Friday, June 07, 2013

BioNames - Phylogenies? Yes, phylogenies

One of the things that didn't make last week's deadline for launching BioNames was the inclusion of phylogenies. This was disappointing as one of the reasons I built BioNames was to help span what I see as the gulf between classical biodiversity informatics and its emphasis on taxonomic names and classification, and modern phylogenetics where the tree is the primary focus, not some arbitrary way to partition it up.

So, where to get lots of phylogenies? I use the wonderful PhyLoTA database built by Mike Sanderson and colleagues:
Sanderson, M., Boss, D., Chen, D., Cranston, K., & Wehe, A. (2008). The PhyLoTA Browser: Processing GenBank for Molecular Phylogenetics Research.
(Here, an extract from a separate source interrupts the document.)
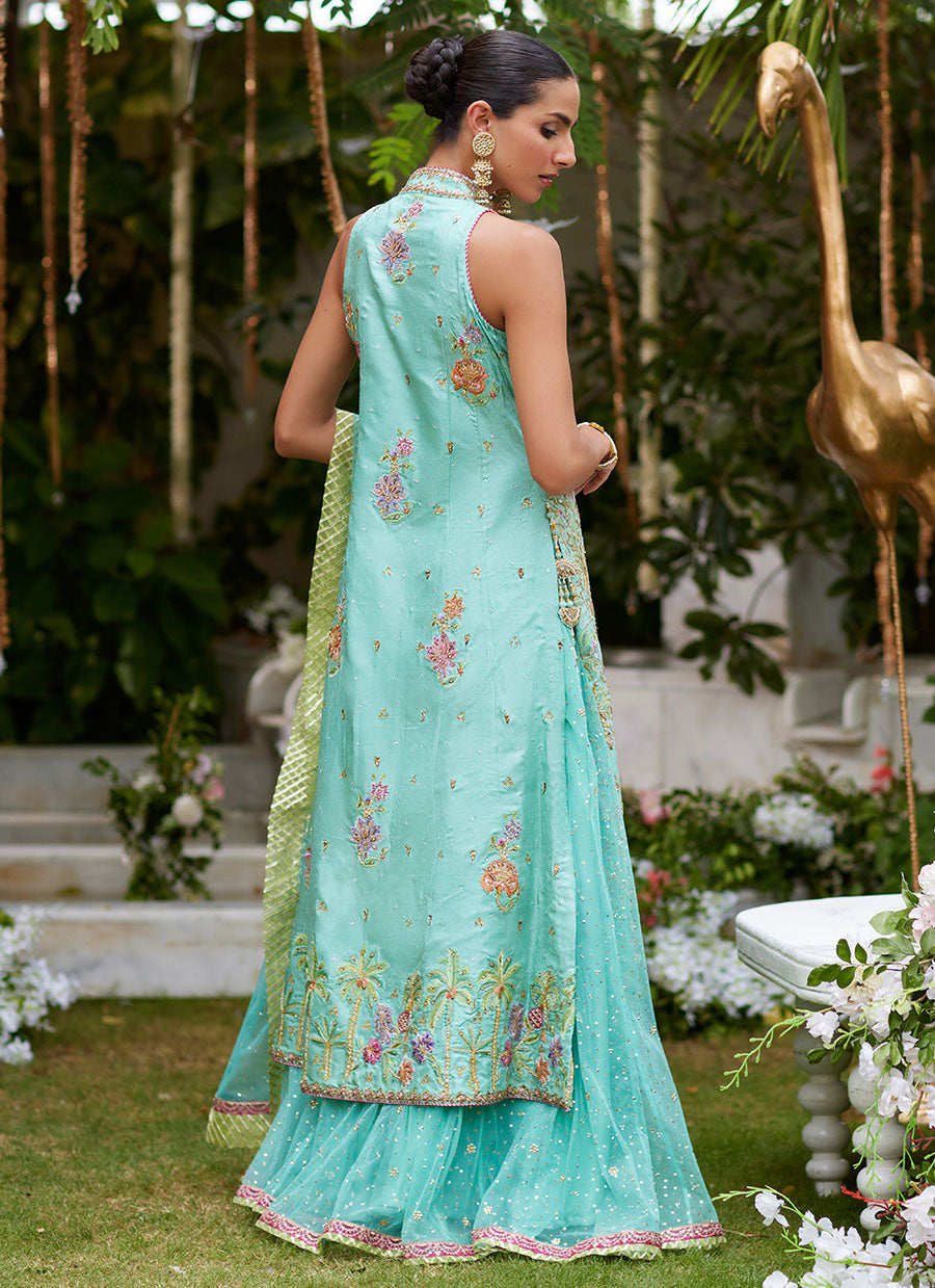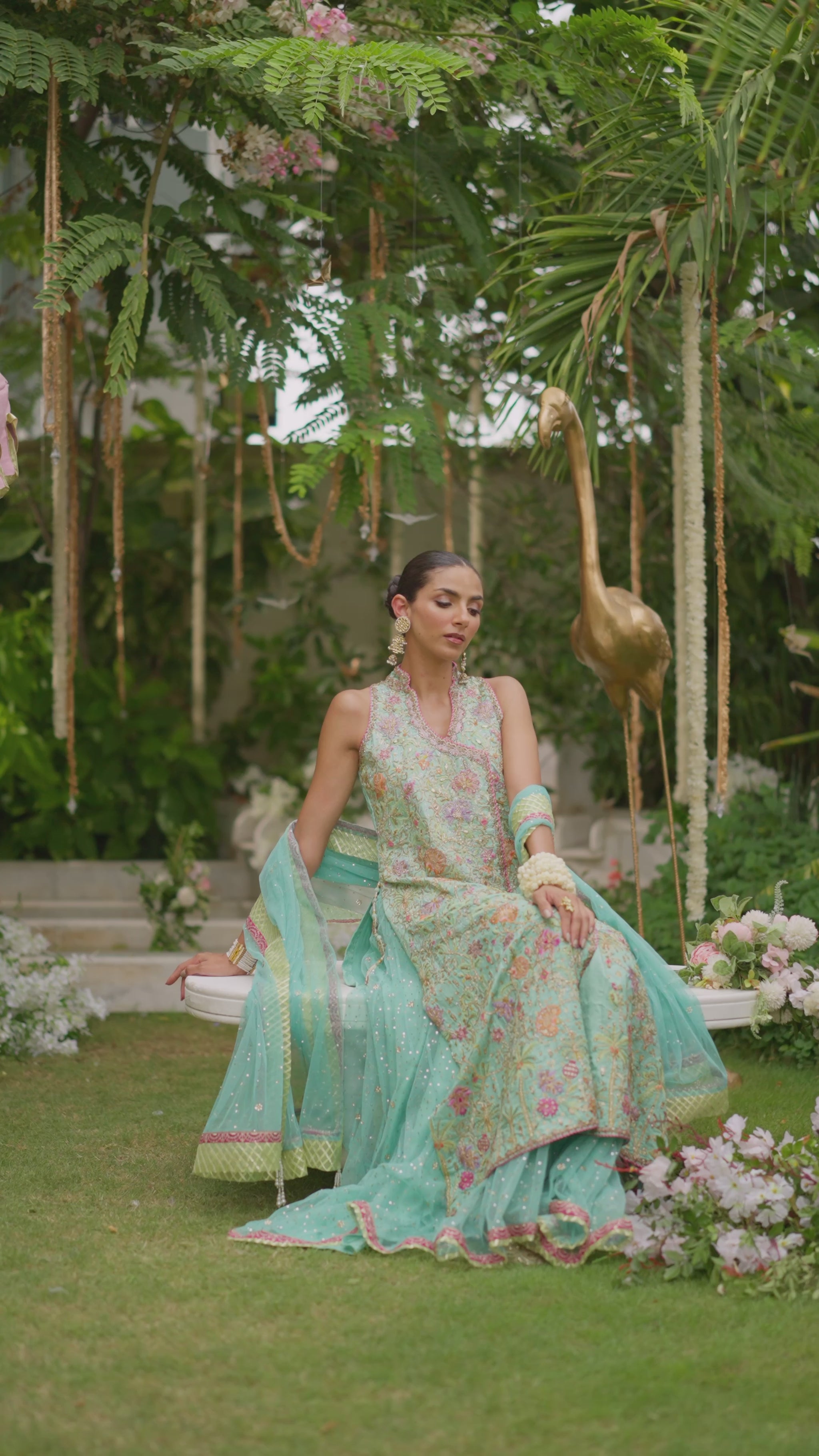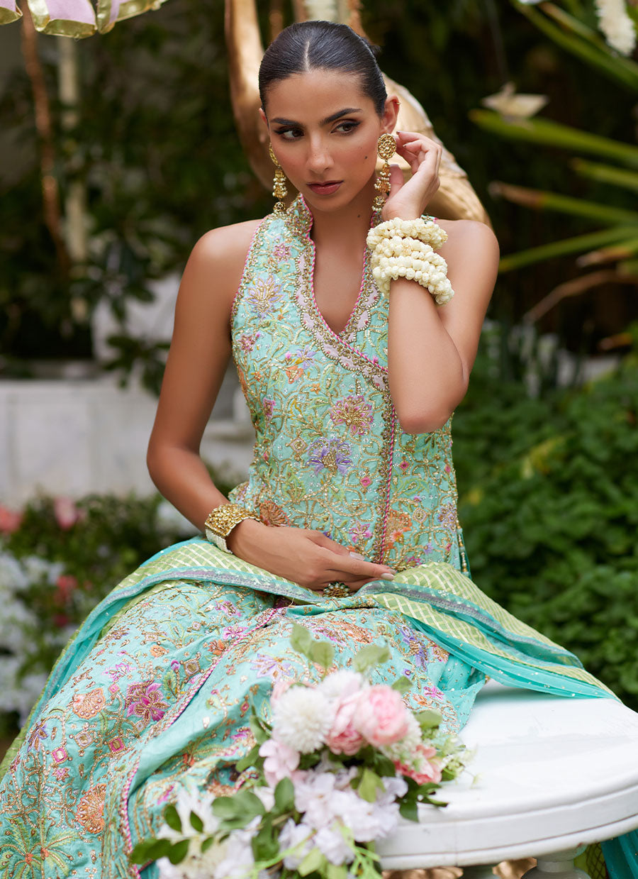 Contemporary silhouettes meet exquisite crafts and hand embroidery painstakingly rendered on pure, luxe fabrics. Be the epitome of effortless glamour with our ethereal aqua ensemble. A dramatic angarkha cut from self jamawar silk, hand embellished with appliques, pearls, kora, gota, dabka, Swarovski crystals and pure silk thread work. The beauty of this outfit is further elevated with a delicate border. Paired with a pure net hand embellished lehenga adorned with gota finishing. This undeniably glamorous ensemble will be your ultimate choice for all festive occasions for years to come.

Systematic Biology, 57(3), 335-346. doi:10.1080/10635150802158688

I grabbed a dump of the trees, matched them to sequences in GenBank (more accurately, the European version, EMBL), did some post processing of those sequences, through them into CouchDB, built a SVG viewer, and voilĂ .

Here is a tree for the fig wasp family Agaonidae, showing the interactive zoomable tree viewer, and thumbnails for other trees for this taxon:

Moretrees

Here is a phylogeny for a genus of deep-sea mussels (Bathymodiolus), showing a map based on those sequences that are georeferenced in GenBank:

Mussels

Lastly here is the page for the
bat family Vespertilionidae in the NCBI classification. Click on the "Data" tab to see this view.

Bats

There's still lots to do on this, but the key parts are in place. Personally I can happily while away the day just browsing through the trees, looking for case where taxa lack scientific names, obvious cases of synonymy (take a look at this tree for fiddler and ghost crabs, for example), and evidence that "species" have considerable internal phylogenetic structure.